И скоро вдали, в розовом мареве, проступили знакомые очертания огромной глыбы Ликабета и храмов Акрополя…
VI. ВСТРЕЧА
Возбуждая всеобщее любопытство, караван втянулся в узкие, кривые и пыльные улочки Афин. Дворец Иоахима стоял как раз напротив вот уже бесконечные годы строившегося огромного храма Зевса Олимпийского — его начали строить ещё при Перикле, — и с плоской, по восточному обычаю, кровли его открывался несравненный вид: справа высился на голой скале Акрополь со своими храмами, за ним взмывала в голубое небо скала Ликабета, а слева, за зеленой долиной Иллисуса, мрело море и протянулся туманный издали Саламин. Вокруг в огромном саду Иоахима дремали пальмы, плескали фонтаны и огромный пруд вдоль берегов был весь заткан лотосами, среди которых беззвучно двигались лебеди. Белые статуи прекрасных богов и богинь блистали красотой среди сказочной роскоши цветов и листвы.
Иоахим, отдохнув после трудностей далёкого пути, взялся за дела. В Пирее теснились его караваны, пришедшие и отходящие во все концы земли, начиная с Индии и Египта и кончая светлым Борисфеном[4] в степях скифских, откуда Иоахиму была впервые доставлена пшеница и великолепные меха… Язон в сопровождении Филета сразу погрузился в афинскую жизнь: как и вся образованная молодёжь того времени, он считал Афины своей настоящей родиной. Тут каждый шаг был овеян историческими воспоминаниями, тут среди прекрасных храмов бродили тени тех, имена которых были уже вписаны на страницы истории, тут на каждом шагу вставала бессмертная, казалось, красота. И было жутко попирать ногой пыль улиц, по которым, наверное, проходил Сократ. И вся эта красота и величие производили тем более сильное впечатление, что и тут — в Афинах! — уже чувствовался едва уловимый запах тления, и тут пыль, тягчайшая из всех могильных плит, постепенно прикрывала славное былое… На каждом шагу чувствовалась грабительская рука завоевателей, римлян, которые многое вывезли из прекрасного города в своё волчье гнездо. Тут разгул их был, однако, далеко не так широк, как в других местах: перед славным умирающим городом в невольном почтении останавливались даже самые беззастенчивые из грабителей…
На первый взгляд Афины казались скорее бедным городом. Здесь не было пышных римских колоннад, гигантских построек, перед которыми, разинув рот, стоят провинциалы, не было прущего из каждой щели наглого чванства недавно разбогатевшего вольноотпущенника.
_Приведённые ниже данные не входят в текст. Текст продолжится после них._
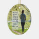 Um adorável ornamento personalizado de citação inspiradora mostra uma garota correndo em um belo caminho cênico e apresenta a Bíblia Verse Philippians 3:13-14, "Esquecendo o passado... Eu pressiono em direção ao gol do prêmio do chamado ascendente de Deus em Jesus Cristo." O nome de trás e a saudação podem ser personalizados para os detalhes de sua escolha e usados para muitas ocasiões.-

Тут все было скромно. Только над городом, на скале, несравненным золотым цветком сиял Акрополь, оживлён и ещё свеж был славный портик афинский
В духовном отношении Афины были уже далеко не тем, чем были они в течении веков. Звезда этой колыбели философии и искусства закатывалась, но все ещё велико было обаяние старого города на современников. И хотя посредственные статуи консулов, проконсулов, римских чиновников и членов императорской семьи упорно штурмовали величавый Акрополь и внедрялись там, хотя храмов и жрецов в городе было великое множество, все же жив был в народе ещё дух независимой мысли и эпикуреец-атомист жил там довольно мирно бок о бок со жрецом. Императорский Рим подозрительно косился на город: Афины явно были в немилости или, в лучшем случае, под подозрением.
И постепенно философы, художники, ваятели, все, что было даровитого и выдающегося, отливало за море, в Рим, привлекаемое блеском золота и славой: средоточие мира было теперь там.
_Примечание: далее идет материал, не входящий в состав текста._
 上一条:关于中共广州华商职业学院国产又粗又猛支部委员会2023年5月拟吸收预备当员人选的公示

Миновав громаду театра Ирода и театр Диониса, Язон с Филетом направились в Акрополь. У самого входа в несравненные Пропилеи они остановились около небольшой кучки афинян, которые о чем-то живо разговаривали и смеялись. Живые, остроумные, любопытные, говоруны, афиняне вообще проводили много времени на чистом воздухе, под улыбающимся небом Аттики, в беседах: они непременно хотели быть в курсе всего, что говорилось и делалось во вселенной.
— Так где же он, этот ваш иудей? — спросил высокий, статный старик с белой бородой в мелких кольцах.
— Не знаю… — отвечал стройный и красивый юноша. — Он только что выступал на агоре. Но мы не поняли, в чем, собственно, дело. По-эллински он говорит, как варвар, а кроме того, что-то странное хотел он вложить в уши наши. Одни поняли, что он говорит о каком-то иудейском боге, который был распят и воскрес, а другие — что он проповедует двух богов, из которых одного зовут… постой, как он это говорил? Да: Иисусос, а подругу его Анастасис. Путаница, вообще, невероятная!..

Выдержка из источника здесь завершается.